Check every line of the records below for the string "with" and copy the ones that have it.
====== The data
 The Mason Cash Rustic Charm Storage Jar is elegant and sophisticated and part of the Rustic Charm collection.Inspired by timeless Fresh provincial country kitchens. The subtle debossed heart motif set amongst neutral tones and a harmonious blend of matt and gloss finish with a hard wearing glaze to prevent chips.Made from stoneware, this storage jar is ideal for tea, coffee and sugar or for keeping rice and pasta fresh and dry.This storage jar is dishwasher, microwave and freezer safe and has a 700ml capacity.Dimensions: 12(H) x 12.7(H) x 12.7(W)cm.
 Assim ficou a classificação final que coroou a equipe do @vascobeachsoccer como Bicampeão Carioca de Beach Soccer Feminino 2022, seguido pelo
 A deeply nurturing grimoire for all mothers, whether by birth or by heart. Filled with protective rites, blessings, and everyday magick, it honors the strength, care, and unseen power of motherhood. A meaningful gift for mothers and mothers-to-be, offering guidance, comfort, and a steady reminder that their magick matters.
============
====== The data
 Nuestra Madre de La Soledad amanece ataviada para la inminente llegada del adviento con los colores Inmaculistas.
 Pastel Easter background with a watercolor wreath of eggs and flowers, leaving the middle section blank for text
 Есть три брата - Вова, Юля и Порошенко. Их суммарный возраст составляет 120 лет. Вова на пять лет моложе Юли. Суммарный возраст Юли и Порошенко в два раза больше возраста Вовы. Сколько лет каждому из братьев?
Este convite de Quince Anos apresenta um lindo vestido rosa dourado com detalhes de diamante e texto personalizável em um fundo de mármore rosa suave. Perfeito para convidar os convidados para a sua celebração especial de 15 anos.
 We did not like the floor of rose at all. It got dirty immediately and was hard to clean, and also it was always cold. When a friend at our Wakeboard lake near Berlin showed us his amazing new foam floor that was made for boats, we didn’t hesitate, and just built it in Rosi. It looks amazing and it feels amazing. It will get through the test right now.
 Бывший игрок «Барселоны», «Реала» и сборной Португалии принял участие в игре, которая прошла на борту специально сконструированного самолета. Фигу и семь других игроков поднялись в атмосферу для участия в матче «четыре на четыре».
============
====== The data
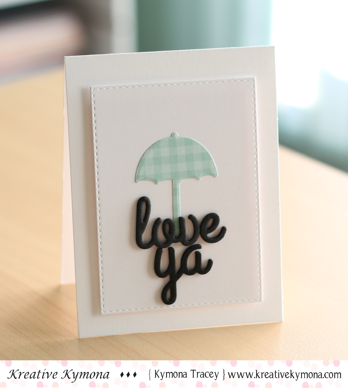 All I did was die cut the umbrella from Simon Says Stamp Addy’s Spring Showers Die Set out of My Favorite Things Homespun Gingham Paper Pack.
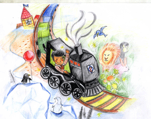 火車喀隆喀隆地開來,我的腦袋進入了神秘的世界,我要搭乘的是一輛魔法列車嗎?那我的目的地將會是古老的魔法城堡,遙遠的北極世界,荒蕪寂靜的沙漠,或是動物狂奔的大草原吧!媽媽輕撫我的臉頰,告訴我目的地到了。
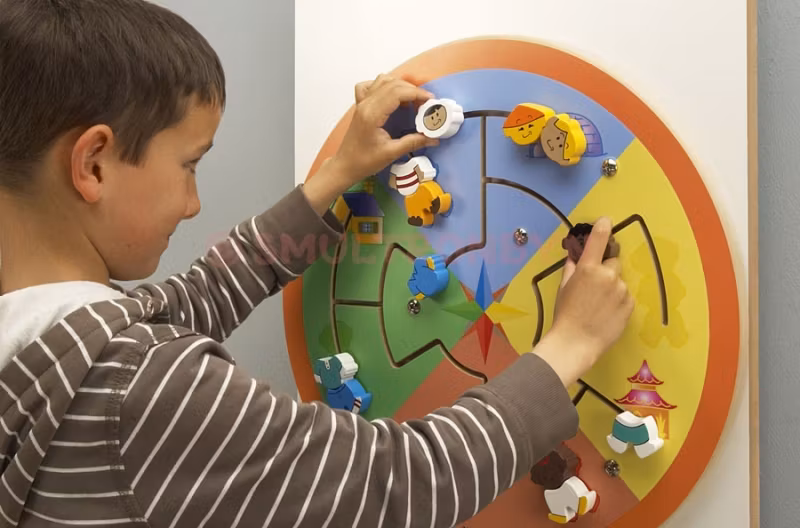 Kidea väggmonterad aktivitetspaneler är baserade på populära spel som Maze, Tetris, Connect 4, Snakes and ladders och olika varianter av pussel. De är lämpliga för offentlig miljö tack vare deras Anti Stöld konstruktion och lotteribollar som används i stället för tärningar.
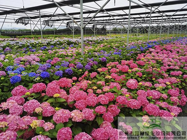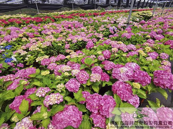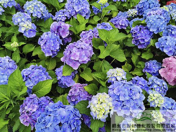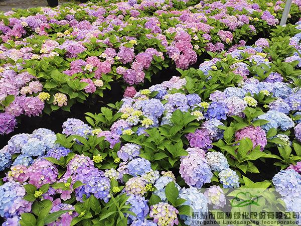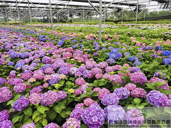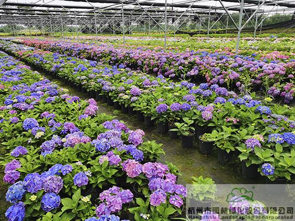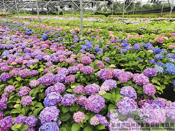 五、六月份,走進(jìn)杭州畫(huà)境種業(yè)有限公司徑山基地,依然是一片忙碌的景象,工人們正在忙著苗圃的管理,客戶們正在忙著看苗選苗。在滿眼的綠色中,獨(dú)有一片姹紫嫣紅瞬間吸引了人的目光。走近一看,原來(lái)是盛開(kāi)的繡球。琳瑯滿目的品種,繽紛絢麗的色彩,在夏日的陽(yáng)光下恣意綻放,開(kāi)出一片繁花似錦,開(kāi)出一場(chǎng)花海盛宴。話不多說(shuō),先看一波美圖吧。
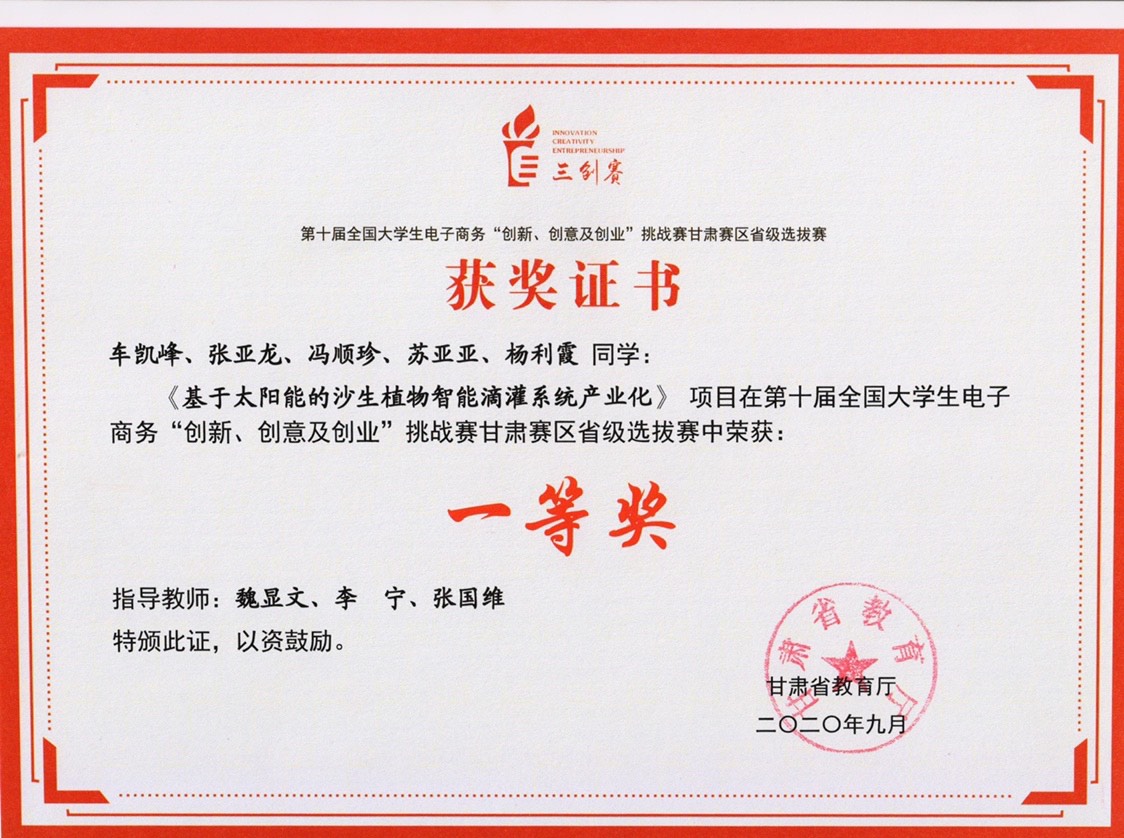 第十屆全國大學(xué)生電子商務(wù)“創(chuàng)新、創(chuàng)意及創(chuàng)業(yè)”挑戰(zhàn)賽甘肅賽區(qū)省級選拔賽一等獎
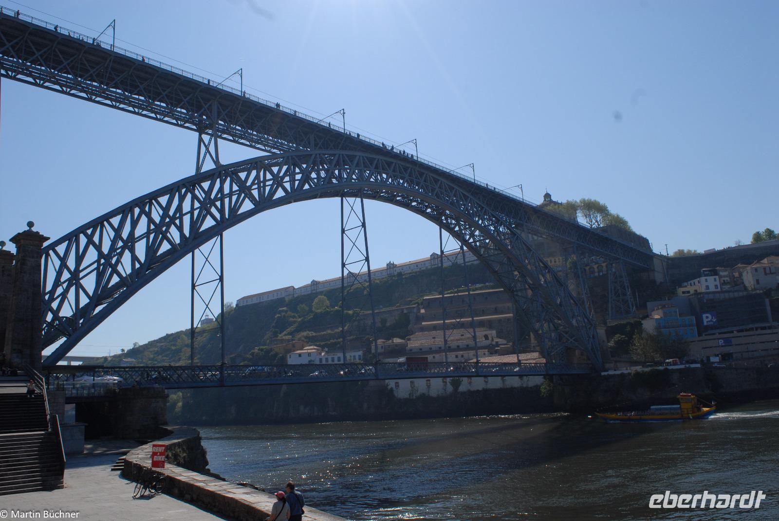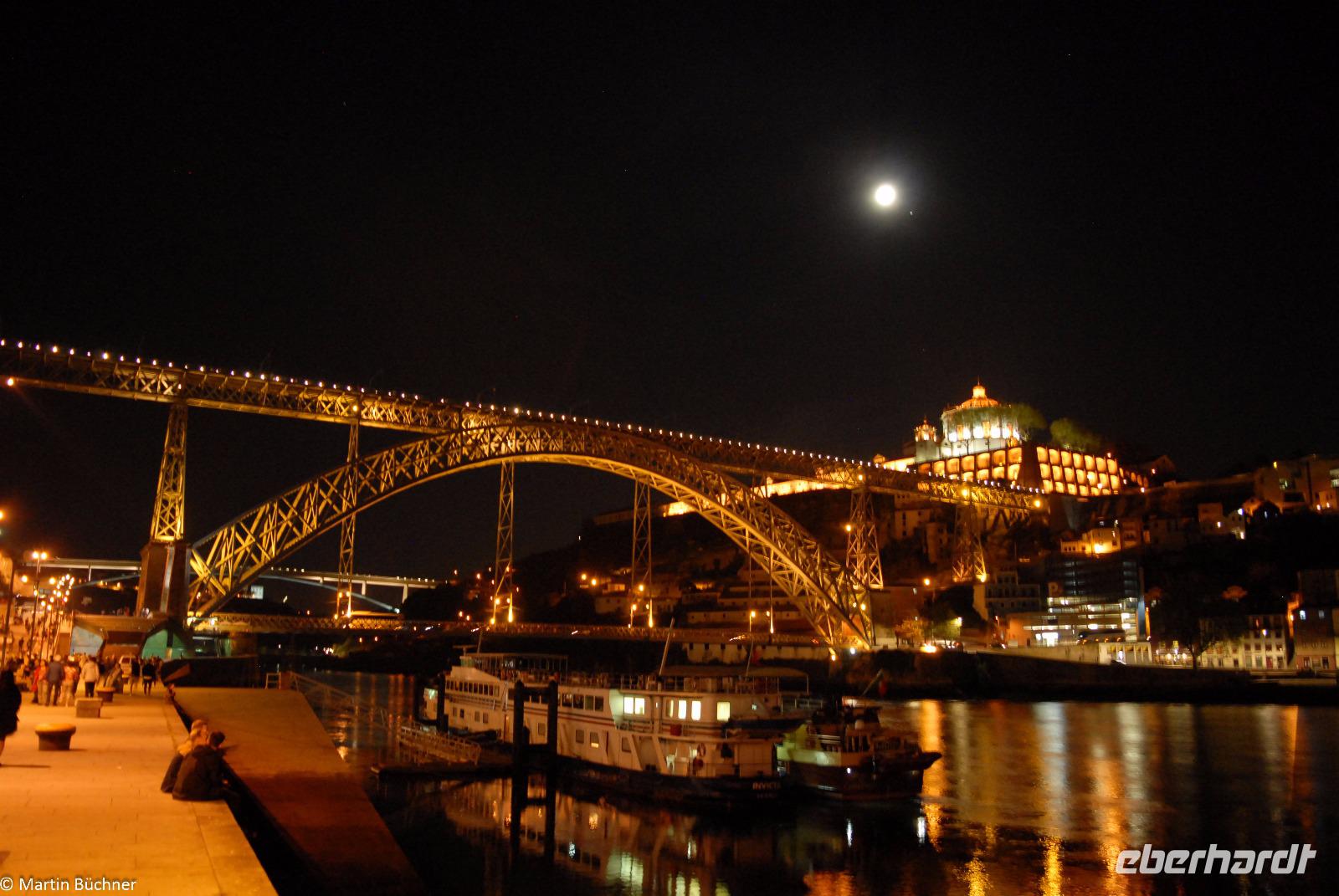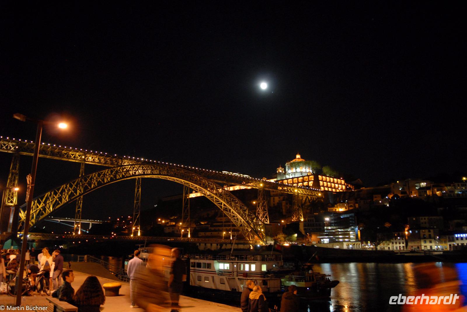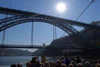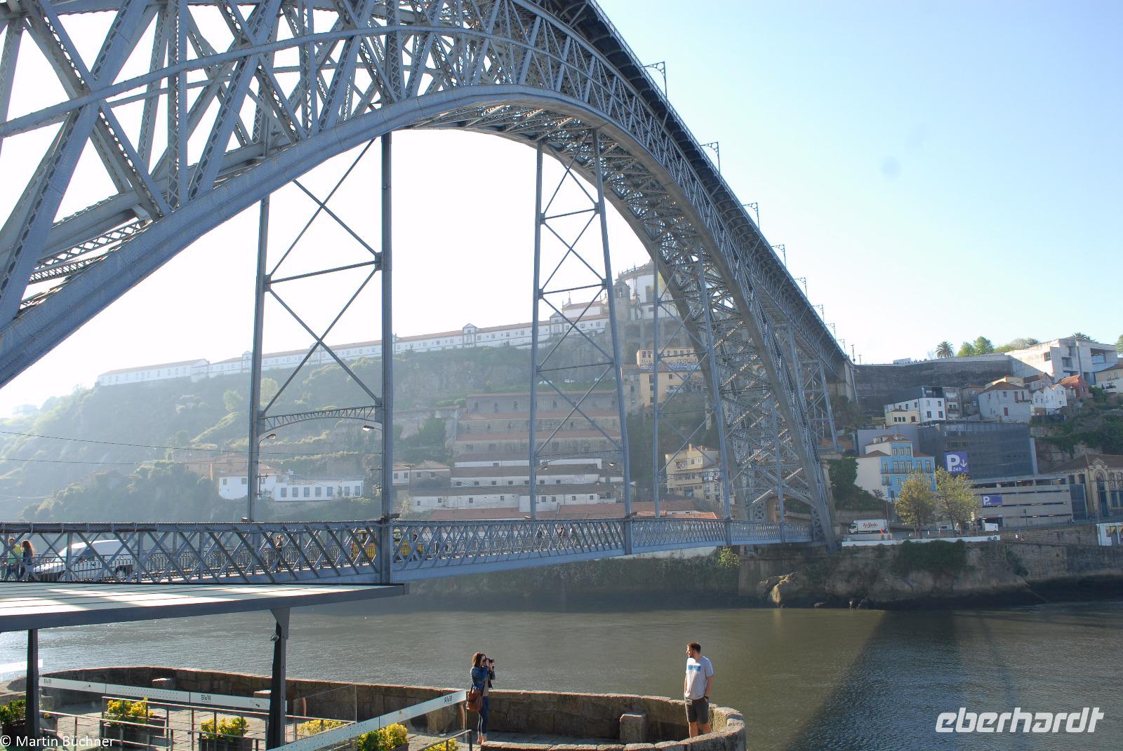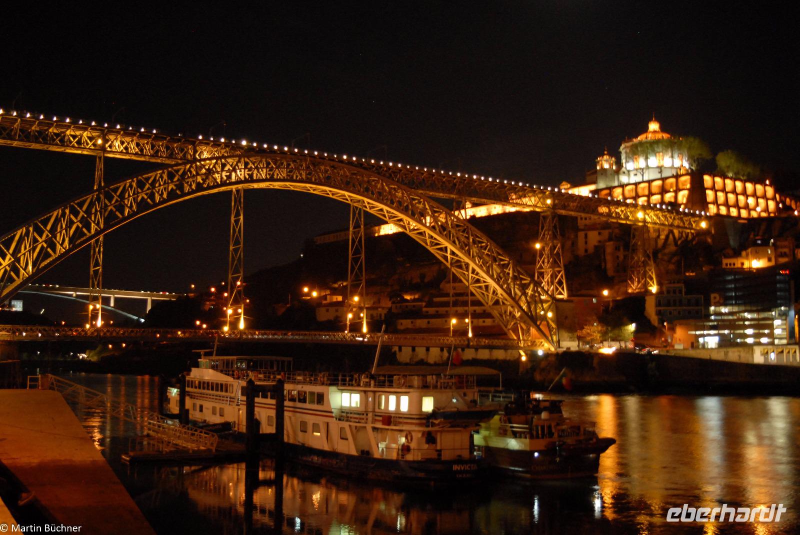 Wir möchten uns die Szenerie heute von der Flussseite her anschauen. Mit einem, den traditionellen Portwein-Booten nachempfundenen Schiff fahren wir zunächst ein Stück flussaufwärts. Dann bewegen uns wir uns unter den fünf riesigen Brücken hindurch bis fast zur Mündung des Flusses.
============
Final answer »
 The Mason Cash Rustic Charm Storage Jar is elegant and sophisticated and part of the Rustic Charm collection.Inspired by timeless Fresh provincial country kitchens. The subtle debossed heart motif set amongst neutral tones and a harmonious blend of matt and gloss finish with a hard wearing glaze to prevent chips.Made from stoneware, this storage jar is ideal for tea, coffee and sugar or for keeping rice and pasta fresh and dry.This storage jar is dishwasher, microwave and freezer safe and has a 700ml capacity.Dimensions: 12(H) x 12.7(H) x 12.7(W)cm.
 A deeply nurturing grimoire for all mothers, whether by birth or by heart. Filled with protective rites, blessings, and everyday magick, it honors the strength, care, and unseen power of motherhood. A meaningful gift for mothers and mothers-to-be, offering guidance, comfort, and a steady reminder that their magick matters.
 Pastel Easter background with a watercolor wreath of eggs and flowers, leaving the middle section blank for text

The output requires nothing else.